The prime minister has given his personal backing to the push for continued funding of the justice system next year, the lord chief justice said today.

Lord Burnett of Maldon said he had met with Boris Johnson and received the ‘distinct impression’ he agrees with the argument that a further cash injection is required to deal with the courts backlog. The judge added that he was also ‘confident’ that lord chancellor Robert Buckland QC believes the same, ahead of crucial discussions about funding allocations with the Treasury.

Prime minister Boris Johnson speaks at a press conference in 10 Downing Street

The prime minister has given his personal backing to the push for continued funding of the justice system

Source: Heathcliff O'Malley/AP/Shutterstock

Lord Burnett told the House of Lords constitution committee that the extra funding provided this year should not be a ‘sticking plaster’ for dealing with the thousands of outstanding cases in all courts.

‘It is absolutely vital in my view that as we move forward we will have to continue to sit at full capacity in all jurisdictions to enable us to retrieve the outstanding caseloads,’ added Burnett.

Last month Buckland announced that there would be no cap on judicial sitting days this year to maximise capacity across the justice system. In 2010, there were 110,000 Crown court sitting days, but following budget cuts this had fallen to 86,000 on the eve of the pandemic.

Figures published this month by the MoJ suggest that in some respects that progress is being made in reducing the backlog.
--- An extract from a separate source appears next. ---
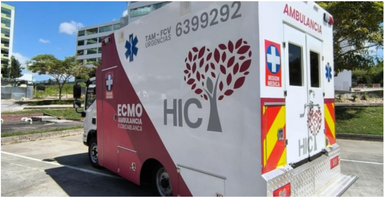
Official handover: the ECMO Ambulance ready for its first mission in Floridablanca

In that silent, urgent journey — monitors lit, ECMO equipment in rhythm, the medical team focused — is written the reason this project exists.

The outstanding caseload in magistrates' courts at the end of April was 463,215 – its lowest point since April 2020 – and disposals reached more than 25,000. Crucially, the number of disposals has outstripped the number of receipts for the past six weeks.

But in the Crown court, the backlog remains around 58,000 and is 47% higher than the pre-Covid baseline figure.

The lord chief justice's plea for continued funding next year was one of several references to the financial pressures on the justice system.

Asked about the lower salaries of court workers compared to other civil servants – and the subsequent attrition of staff, he said it was ‘absolutely idiotic that HMCTS recruits good people, trains them and then quickly loses them’. He added: ‘It shouldn’t be allowed to happen in any sensible organisation.’

Burnett said that funding for the last stage of the court modernisation programme – which would digitise services across criminal, family and county courts – was still in question. He noted that the Treasury had accepted the business case for modernisation but ‘what didn’t follow was an immediate cheque to pay for it all’.

Addressing the physical buildings themselves, Burnett said the lack of funding over many years had left much of the estate ‘in a pretty dire condition’ that causes cases to be lost.